◆ Action item: Could you print exactly the lines from the one that contains "Due postazioni della" to the end of the data, both ends included, and nothing else? Skip the pictures.

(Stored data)
───
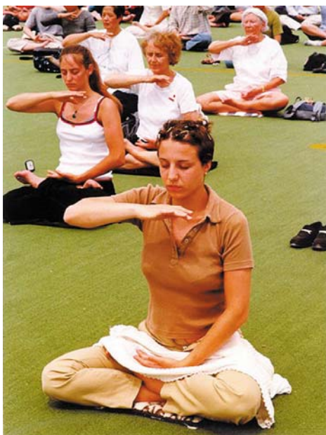
图片说明: 欧洲法轮功学员集体炼功
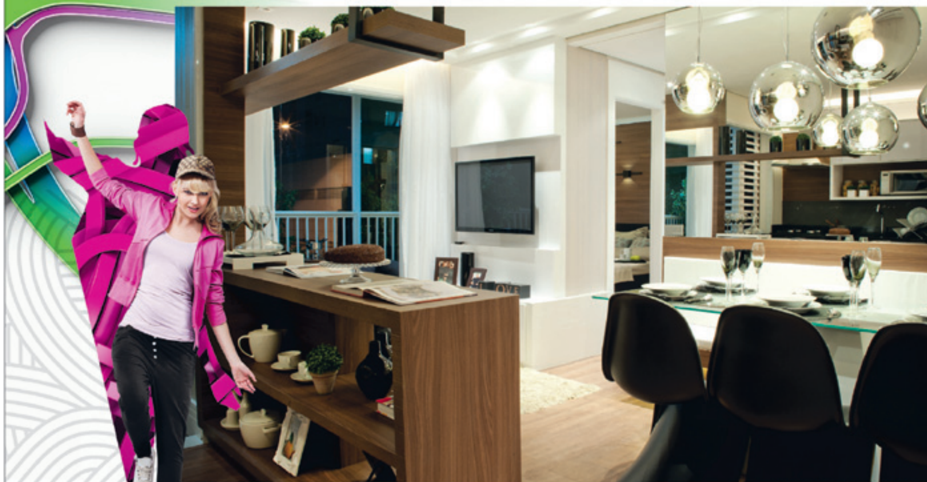
Foto do Apto. Decorado de 55 m 2

1 e 2 dorms. De 33 a 55 m 2 com terraço gourmet
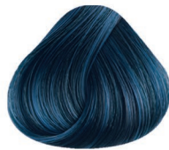
7000 AZUL BLUE
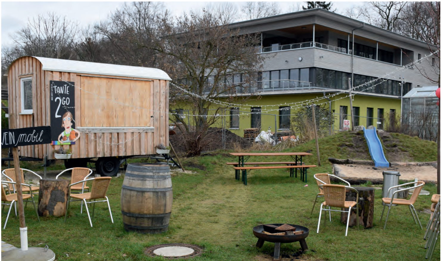
HARMONISCH: Das neue Verwaltungsgebäude fügt sich gelungen in das Gelände der Natur-Erlebnis-Gärtnerei ein.
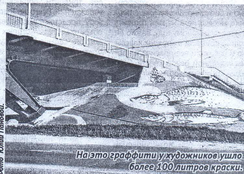
На это граффити у художников ушло более 100 литров краски!

- У нас не было цели превзойти кого-то. Мы просто хотели создать нечто красивое для земляков, - делится художник.
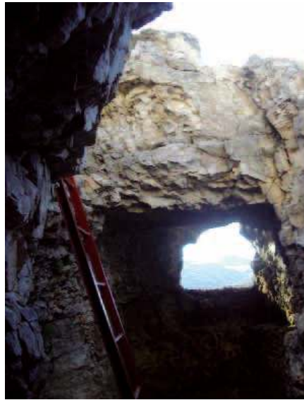
Due postazioni della Grande Guerra sull'Ortigara

• Ogni partecipante, a seconda dell'attività dovrà avere al seguito i dispositivi di protezione individuali (DPI) adeguati alle operazioni da compiere. Maggiori indicazioni saranno date dal tutor.
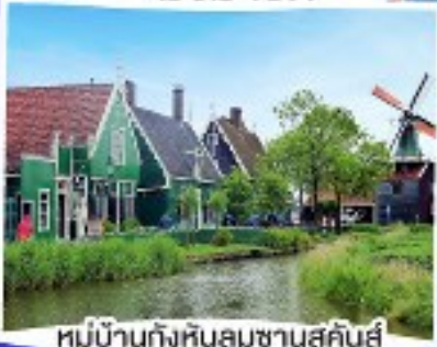
หมู่บ้านกังหันลมซานสคินส์
───
◆ Finished task:
Due postazioni della Grande Guerra sull'Ortigara

• Ogni partecipante, a seconda dell'attività dovrà avere al seguito i dispositivi di protezione individuali (DPI) adeguati alle operazioni da compiere. Maggiori indicazioni saranno date dal tutor.
หมู่บ้านกังหันลมซานสคินส์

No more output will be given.